**WORK REQUEST:**
Set down all of the data exactly. Pictures stay out of the copy.

**RAW DATA:**
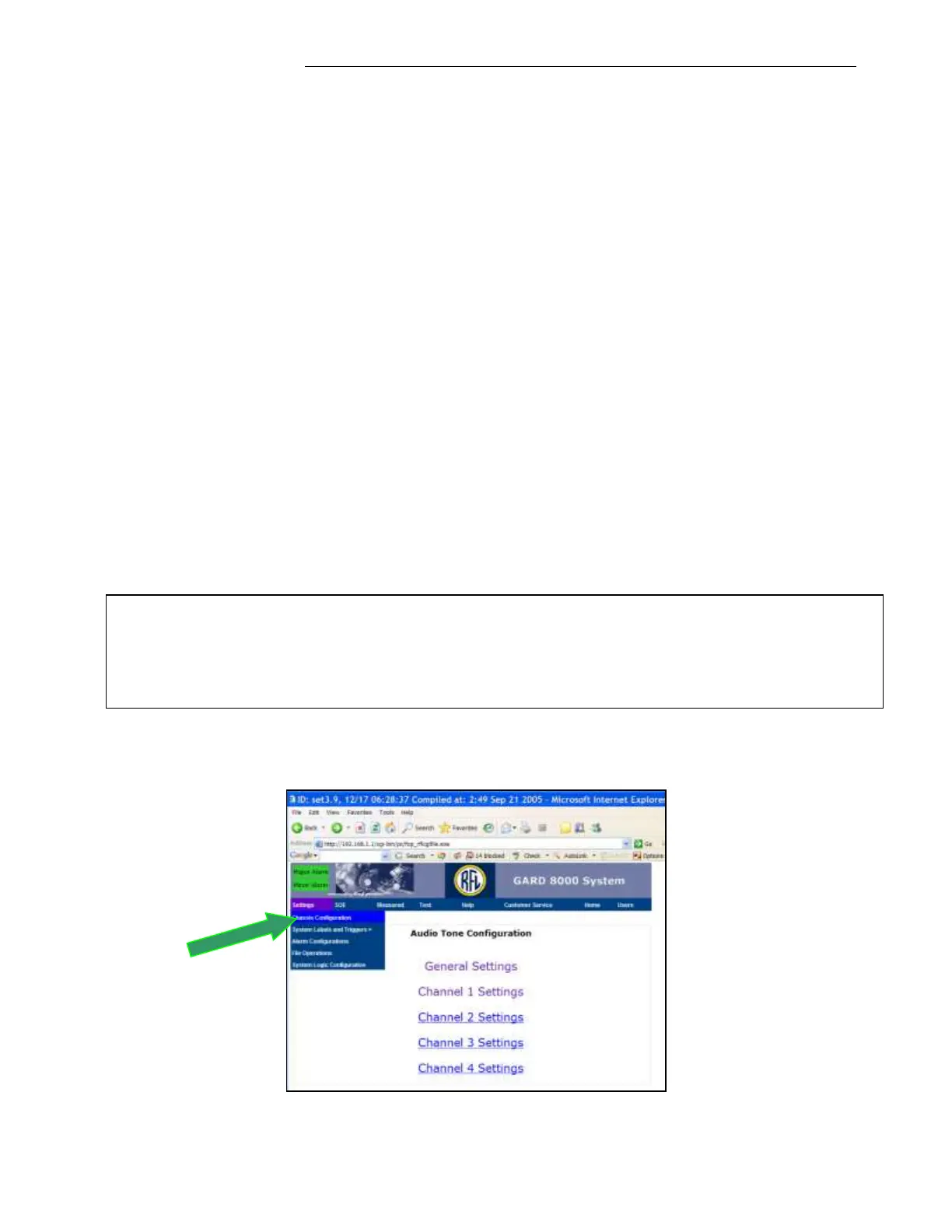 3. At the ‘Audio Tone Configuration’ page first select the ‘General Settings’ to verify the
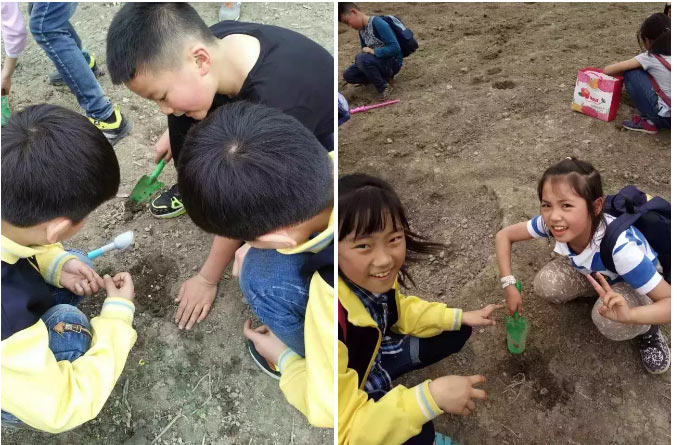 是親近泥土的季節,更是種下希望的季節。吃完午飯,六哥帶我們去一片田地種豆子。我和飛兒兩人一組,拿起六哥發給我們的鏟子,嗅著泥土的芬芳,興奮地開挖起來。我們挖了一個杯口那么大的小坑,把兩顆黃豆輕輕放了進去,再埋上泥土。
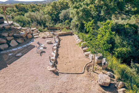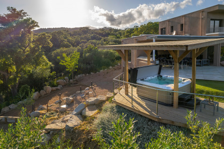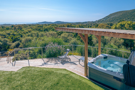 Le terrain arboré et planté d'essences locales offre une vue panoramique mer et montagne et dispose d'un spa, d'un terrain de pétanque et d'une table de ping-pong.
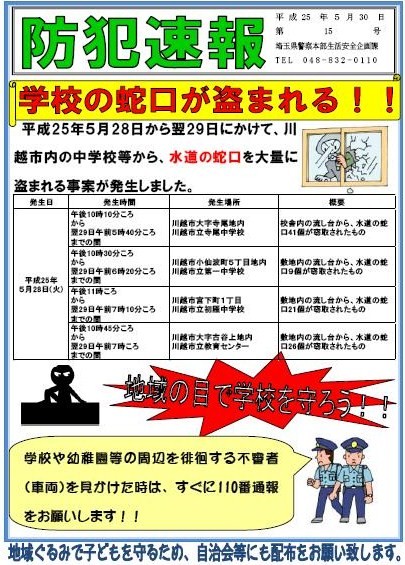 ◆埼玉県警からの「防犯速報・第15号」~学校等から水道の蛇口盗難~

**EXPECTED ANSWER:**
 3. At the ‘Audio Tone Configuration’ page first select the ‘General Settings’ to verify the
 是親近泥土的季節,更是種下希望的季節。吃完午飯,六哥帶我們去一片田地種豆子。我和飛兒兩人一組,拿起六哥發給我們的鏟子,嗅著泥土的芬芳,興奮地開挖起來。我們挖了一個杯口那么大的小坑,把兩顆黃豆輕輕放了進去,再埋上泥土。
 Le terrain arboré et planté d'essences locales offre une vue panoramique mer et montagne et dispose d'un spa, d'un terrain de pétanque et d'une table de ping-pong.
 ◆埼玉県警からの「防犯速報・第15号」~学校等から水道の蛇口盗難~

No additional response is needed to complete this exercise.